Mail Archives: djgpp/1998/01/15/15:27:06
In article <Pine DOT SUN DOT 3 DOT 91 DOT 980114131057 DOT 8730D-100000 AT is>, Eli Zaretskii
<eliz AT is DOT elta DOT co DOT il> writes
>
>On Tue, 13 Jan 1998, Paul Shirley wrote:
>
>> Try setting the RHIDE dos box settings under Misc/Background to 'Always
>> suspend'. That should give the CPU back to windoze if you switch away
>> from RHide which may be enough. Alternatively its time to hack RHIDE.
>
>This might not be the right thing to do, if RHIDE uses the idle time
>to do something useful. For example, Emacs will continue to syntax-
>highlight its buffers and to check whether buffers should be auto-
>saved when the keyboard is idle. Telling Windows to "Always suspend"

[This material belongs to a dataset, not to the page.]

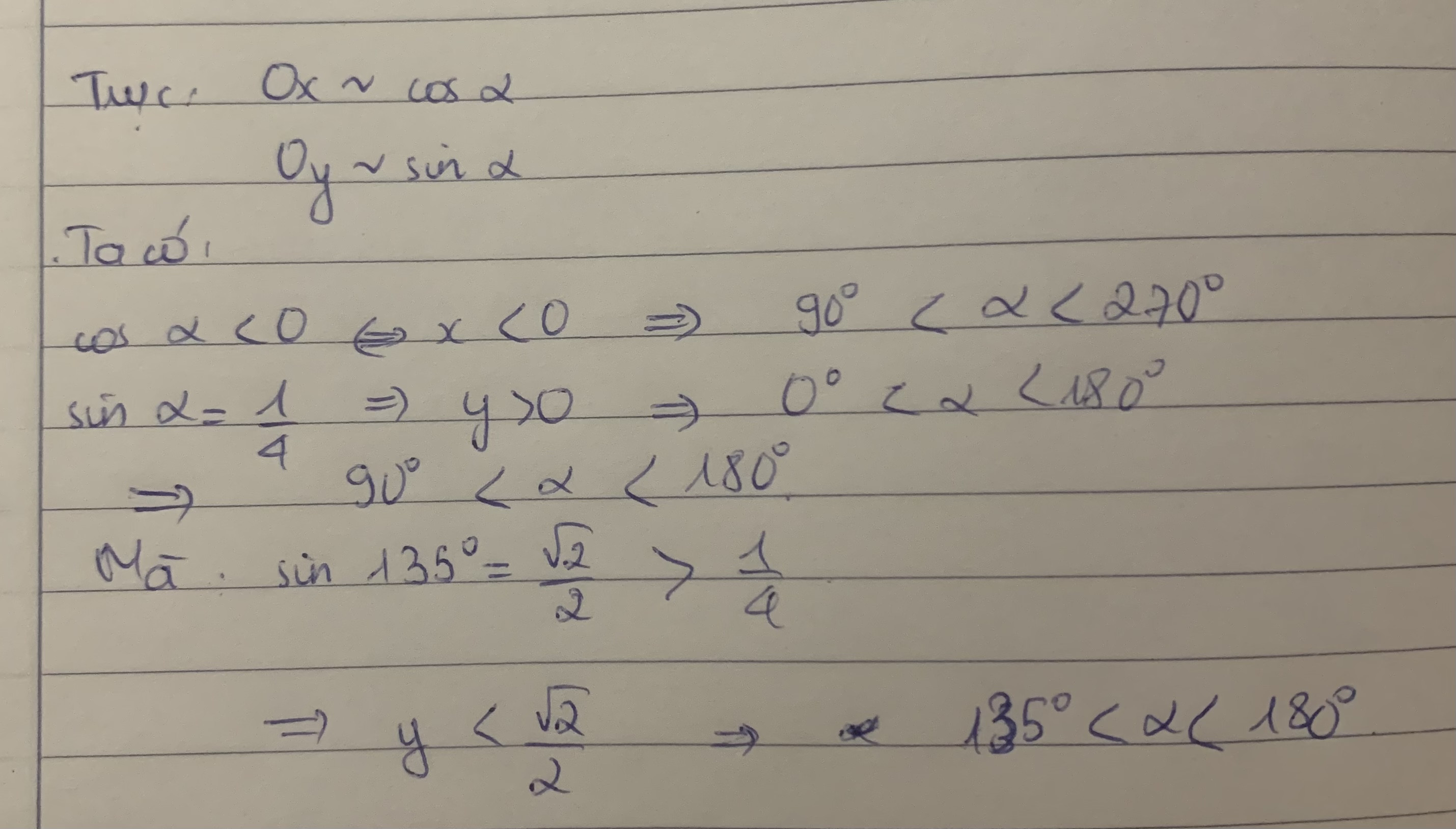 Cho góc $\alpha$ thỏa mãn $Sin \alpha=\dfrac{1}{4}$ và $cos\alpha<0.$ Số đo góc $\alpha$ thuộc khoảng nào sau đây? A) $(0^o, 45^o)$ B) $(45^o, 90^o)$ C) $(90^o, 135^o)$ D) $(135^o, 180^o)$ Giải thích kĩ vì sao lại chọn đáp án giúp mình ạ mình cảm ơn.

>will cause RHIDE to not get any cycles when its window is not the
>active one, which will defeat such features (I don't know whether
>RHIDE uses them).
Stopping an editor doing syntax hilighting is not a valid reason to soak
up 90%+ of cpu time, especially since presumably you are looking at
whatever got the focus instead of RHide ;)
The big problem is that gcc will stop compiling if you make RHide a
background task. Since you can change the suspend status whilst running
its not quite a disaster (but annoying if you need to change it
regularly).
Ideally you fix fix the misbehaving app, the suspend option is just
another less effective (but easy) option.